In an article in the Sunday Examiner, an English-language Catholic diocese newspaper, Bishop Joseph Zen said Chief Executive Tung Chee-hwa's branding of the sect as ``an evil cult was very alarming, not only for Falun Gong, but for all of us.''

He warned that Christian organizations could become the next targets. Speaking to lawmakers earlier this month, Tung expressed shock over reports that Falun Gong followers had set themselves on fire in Beijing's Tiananmen Square last month and said the group displays ``more or less characteristics of a cult.''

He also pledged that authorities here would closely monitor the group's activities.

Falun Gong, which has attracted millions of followers worldwide, is outlawed in mainland China as an ``evil cult'' but it remains legal in Hong Kong. Bishop Zen said the suicides in Beijing by Falun Gong members ``seem to be surrounded by question marks.'' The group says suicide is against its doctrine and has denied the people who set fire to themselves were members. Zen said he has no relationship with Falun Gong and little knowledge of its activities.

But the bishop expressed concern that the Hong Kong government is attacking Falun Gong because of the sect's strong criticism of the Beijing government. He warned that Christian churches and other organizations in Hong Kong may also be labeled cults if they criticize the government.
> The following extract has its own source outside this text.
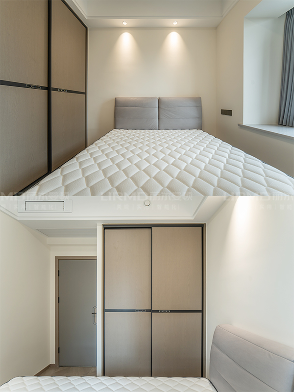 柜體采用18厚杉木芯板,柜門采用LSB板PET膚感柜門,一門到頂,五金使用原裝進口的百隆五金

Tung's spokesman, Stephen Lam, said in a statement the Hong Kong government was fully committed to maintaining religious freedom in the territory and that all organizations are free to express their opinion.

The statement said Tung's remark on the Falun Gong was in connection with the self-immolation of sect members in Beijing and added that mainstream religious organizations do ``not condone or promote suicide or self-destruction.''

In recent months, pro-Beijing figures in Hong Kong have escalated their attacks on the sect in the territory, saying Falun Gong disrupts public order through their high-profile protests and have accused it of receiving backing from ``anti-China subversive forces'' in the West.

But Falun Gong representatives often stress their peaceful protests are legal and vow they would continue them until the suppression in mainland China stops.

Zen called on Tung to ``amend his statement or at least accept that he owes us some reassurance.''

Last October, Bishop Zen accused Beijing of meddling in Hong Kong's religious freedom, claiming Chinese officials told the Catholic church to remain silent over the Vatican's canonization of 120 Chinese and foreign missionary martyrs.